Are you comfortable with the term “project book”?

Not for my own work. Primarily due to the fact that it causes me to panic: as soon as I write a couple poems that have a shared theme/structure/conceit, I immediately think “Hey! I could write a series of these poems. That could work.” And as soon as I think that, I’ve fucked myself. I feel closed in. I’ve pretty much guaranteed I’m going to lose interest. Huh. Maybe I have commitment problems.

And as I type these very words, I’m very much at work on a project book. So I’m a huge fucking hypocrite.  It’s a collaborative effort, however, and I’m not sure how to work with someone without having some sort of goal/plan in place. But based on what I said above, maybe it’s already doomed to fall apart. Ha!

How important was it for you that each poem could “stand on its own” or that the poems should rely on other poems in the book, or on the premise of the project itself, to succeed? What challenges did this present for you when writing single poems or structuring the book overall?

I do believe every poem should “stand on its own” as much as it can, though I’m a fan of serial poems, of the long poem published individually in sections, in poems that very clearly need to speak to other poems. But I’m a believer in a poem’s thingness: that if I crumple it up and throw it at you, and you pick it up and smooth it out, and read it, that poem will move you in some small/large way, without any help from anything, anyone else. Now success in that is another story altogether.

Did you fully immerse yourself in writing this project book, or did you allow yourself to work on other things?

I can’t work on any one thing for longer than a few minutes. It took me about three weeks to complete this interview in 5-minute sections with three day breaks in between.

What advice can you offer other writers, particularly emerging writers or poetry students who may be using the project book as a guiding principle for their own work?

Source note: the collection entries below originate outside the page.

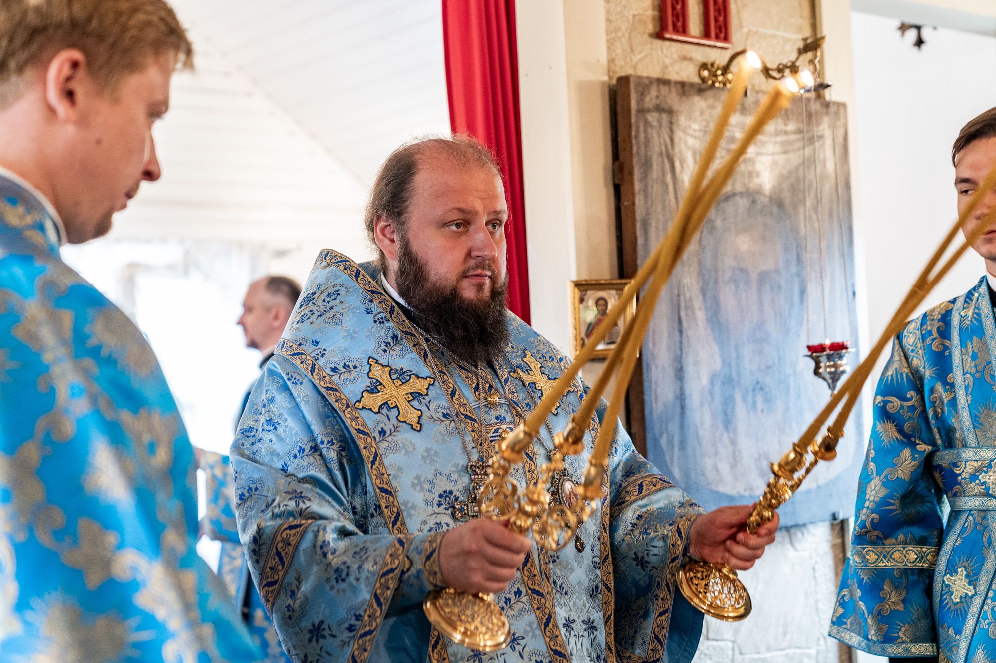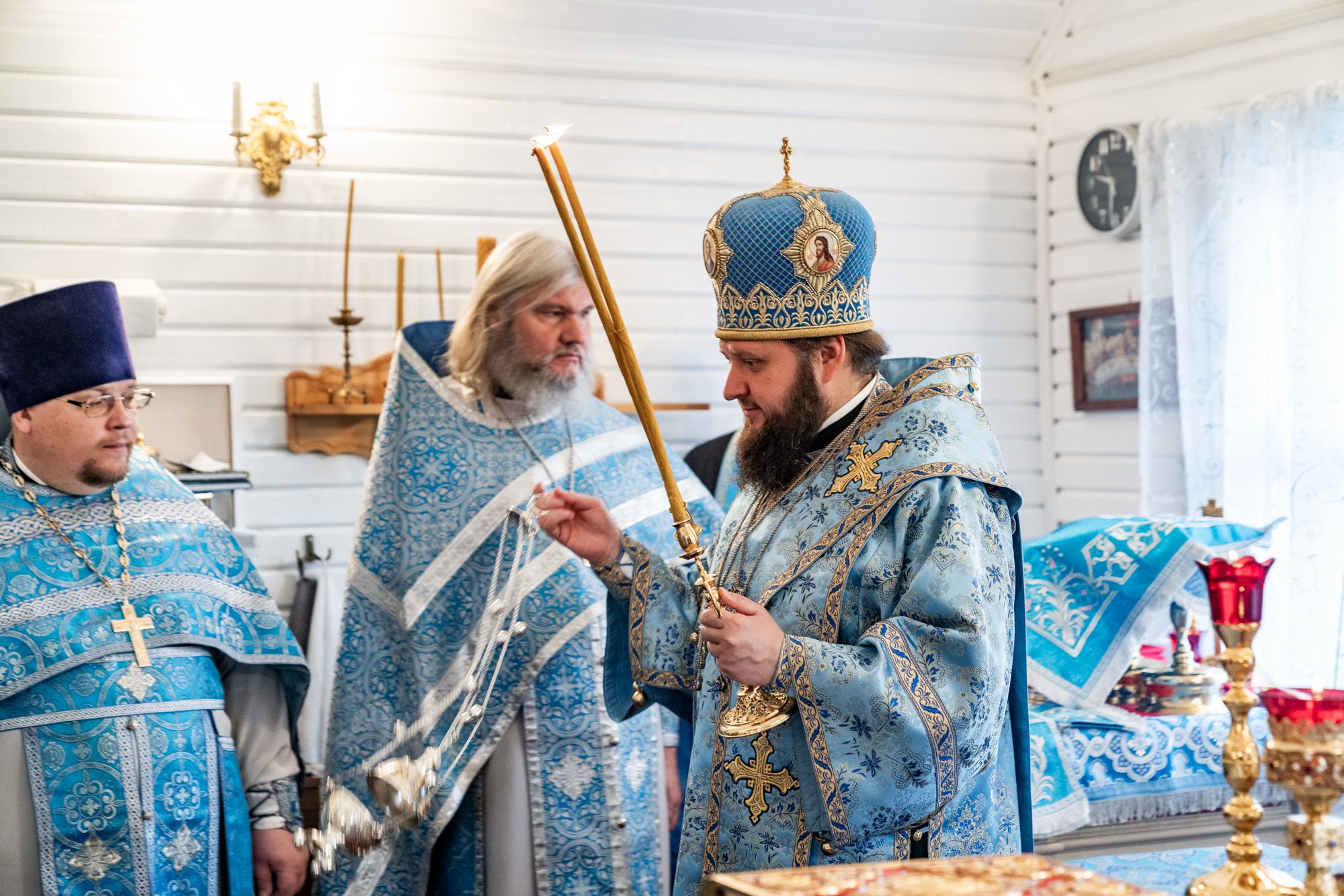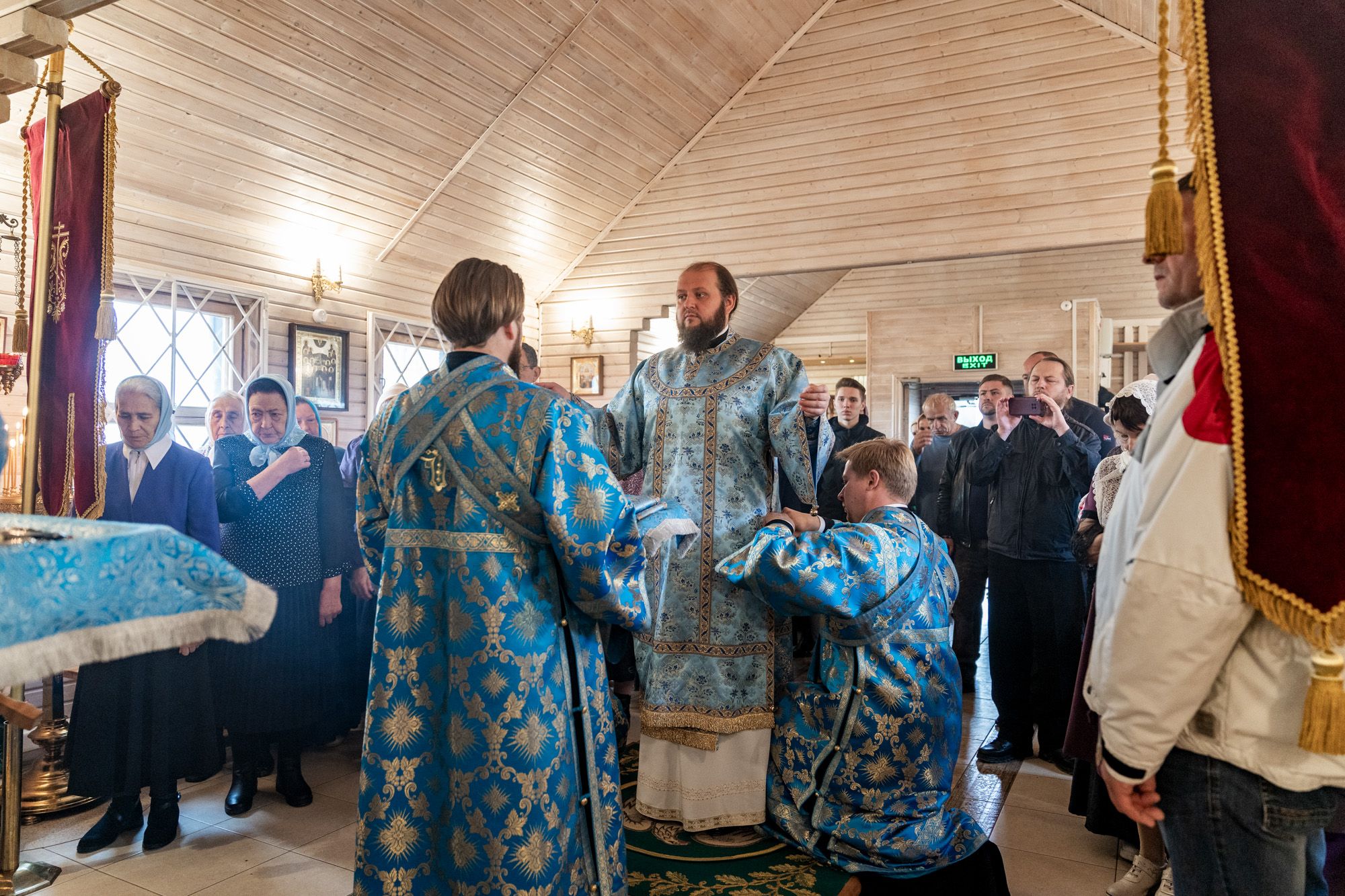 Его Высокопреосвященству сослужили секретарь Подольского епархиального управления иерей Константин Семёнов, благочинный Малинского церковного округа иерей Алексий Плужников, настоятель Спасского храма иерей Максим Кеменев и духовенство Подольской епархии.
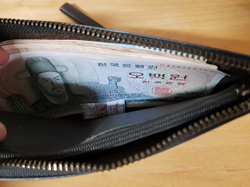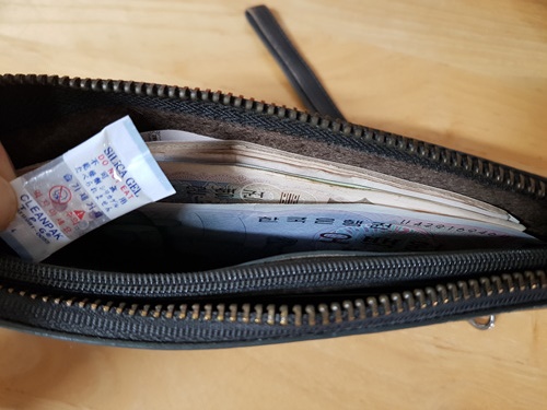 전 오래된 지폐를 넣어 두는 가죽지갑에 실리카겔을 넣어 뒀어요.
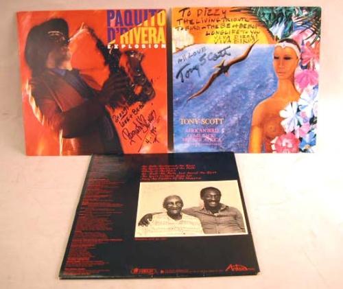 A GROUP OF FIVE AUTOGRAPHED RECORDS Comprising IgG Band's "Ultra Sound", George Clark's "Merhulho", Ralph MacDonald's "The Path", Tony Scott's "African Bird Come Back Mother Africa to the Spirit of Charlie Parker", and Paquito D'Rivera's "Explosion", wear

I’ve been reading many essays covering poetics for a class I’m teaching this semester, and many of these essays revolve around a similar idea: that poetry is about fulfilling and thwarting expectations. It’s all about the surprise. So for those who are using a project book as a guiding principle, my main advice is to break as many of your own rules as you follow, and make sure you’re continually surprising yourself with your own work. If, from the first poem, we know exactly how we’re going to get to the last poem, then there may be a problem. And that same test applies if you know exactly how you’re going to get from the first poem to the last poem as well. And don’t be afraid to let those obsessions enter what is otherwise a tightly knit project. Flaws are always the best part.